▶ [What to produce]
Which lines run from the start of the material below through the line containing "Glass 4 piece"? Retype them exactly, pictures excluded.

▶ [Records]
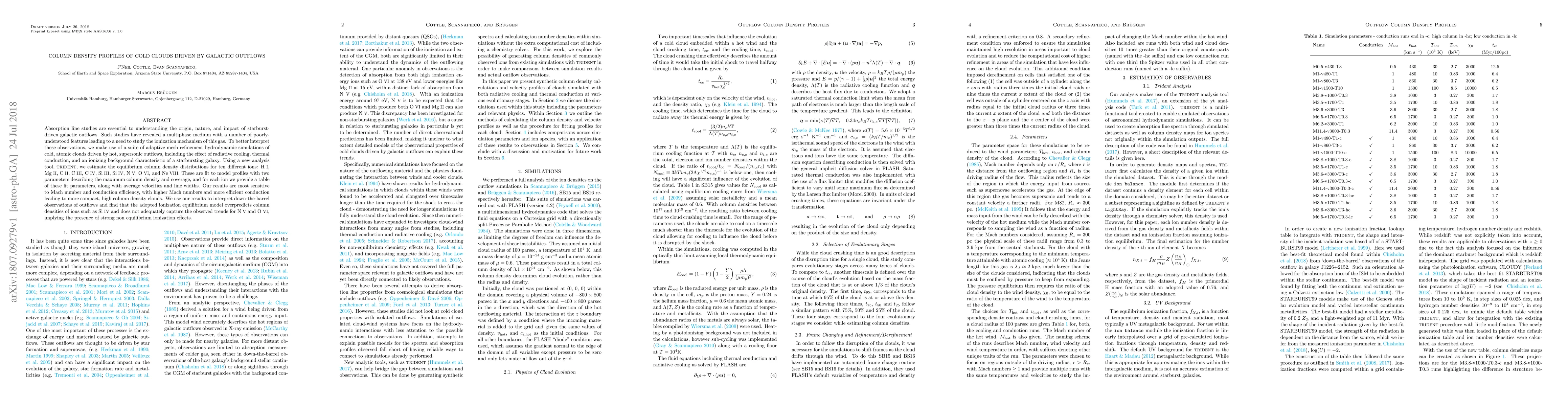 This paper uses hydrodynamic simulations to study the column density profiles of cold clouds influenced by starburst-driven galactic outflows, revealing complex multiphase gas dynamics. The analysis shows that higher outflow speeds and efficient thermal conduction result in denser clouds, but the models overpredict certain ion column densities, indicating significant non-equilibrium ionization effects.
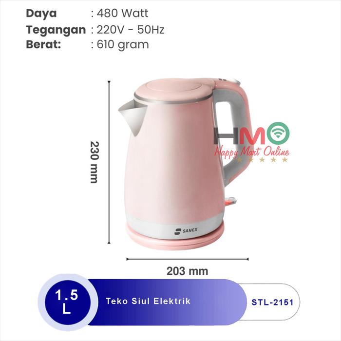 Promo Sanex Teko Listrik Stainless 1.5 Liter Electric Kettle Low Watt Sanex STL 2151 AB / PK 480 Watt - ABU ABU Promo
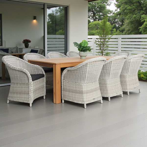 Complete with a 220cm post leg timber table and eight Portland dining chairs, the Selina-Portland will become a stylish, yet practical inclusion to any garden space.
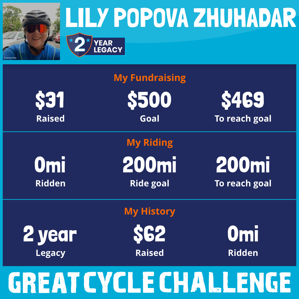 I am riding 200 mi in memory of Christian Popova. Please sponsor me and support my challenge to fight kids' cancer and save little lives.
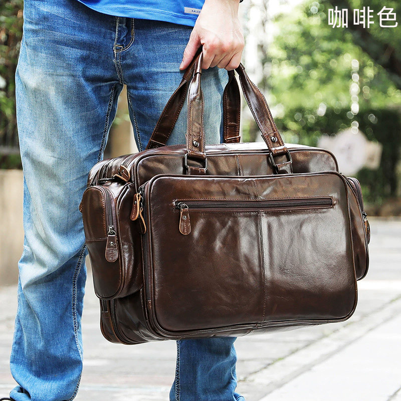 復古頭層牛皮多功能手提包 油蠟皮公事包
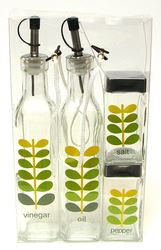 Glass 4 piece cooking set, Vinegar, oil, salt and pepper. The vigar and oil have rubber stoppers and rubber caps, each measuring10"H x 1.75"W. Salt and pepper measure 3.5"H x 1.75"W.
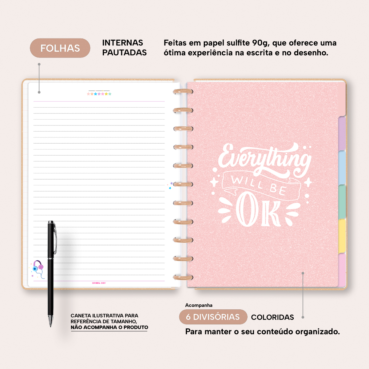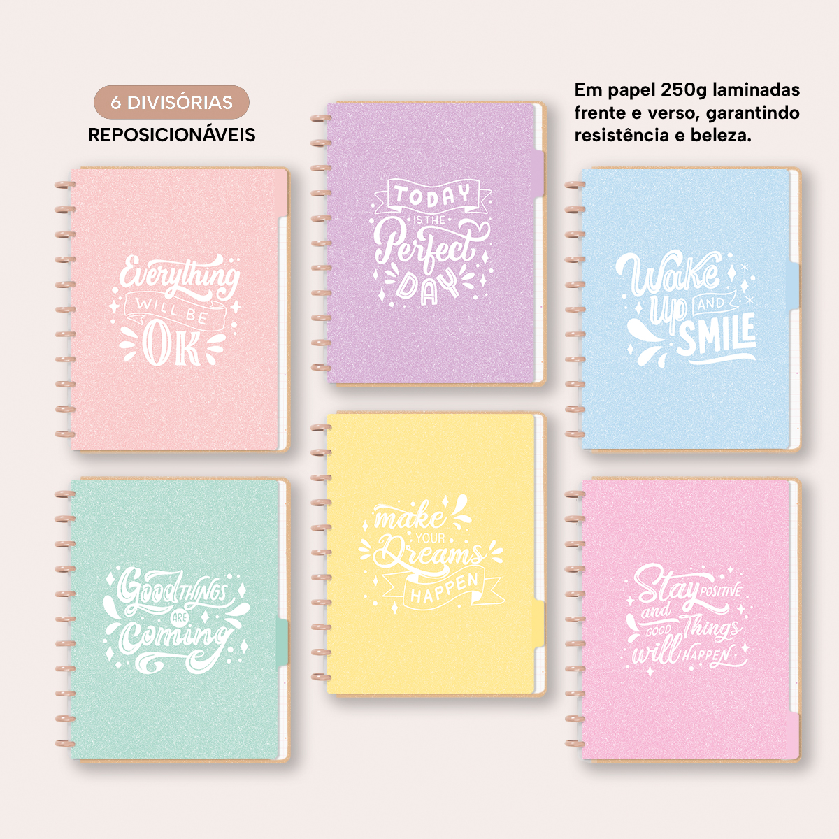 A capa é dura com impressão digital de alta definição, acompanha 6 lindas divisórias que você pode colocar em qualquer local do caderno, funcionando como o guia perfeito para sua organização.
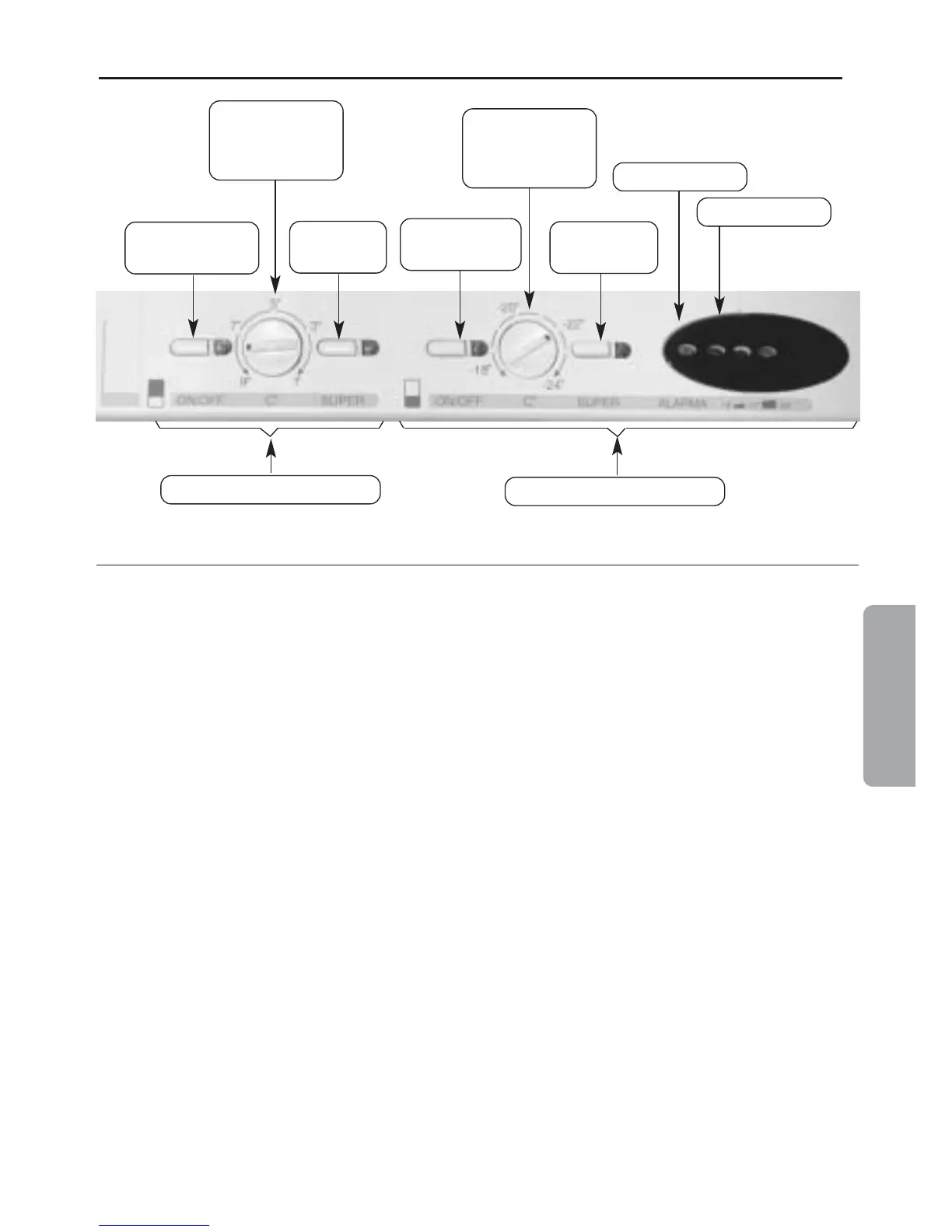 "Alarm" ➡➡ A light and audio signal is activated if the freezer temperature is

▶ [Answer to this task]
 This paper uses hydrodynamic simulations to study the column density profiles of cold clouds influenced by starburst-driven galactic outflows, revealing complex multiphase gas dynamics. The analysis shows that higher outflow speeds and efficient thermal conduction result in denser clouds, but the models overpredict certain ion column densities, indicating significant non-equilibrium ionization effects.
 Promo Sanex Teko Listrik Stainless 1.5 Liter Electric Kettle Low Watt Sanex STL 2151 AB / PK 480 Watt - ABU ABU Promo
 Complete with a 220cm post leg timber table and eight Portland dining chairs, the Selina-Portland will become a stylish, yet practical inclusion to any garden space.
 I am riding 200 mi in memory of Christian Popova. Please sponsor me and support my challenge to fight kids' cancer and save little lives.
 復古頭層牛皮多功能手提包 油蠟皮公事包
 Glass 4 piece cooking set, Vinegar, oil, salt and pepper. The vigar and oil have rubber stoppers and rubber caps, each measuring10"H x 1.75"W. Salt and pepper measure 3.5"H x 1.75"W.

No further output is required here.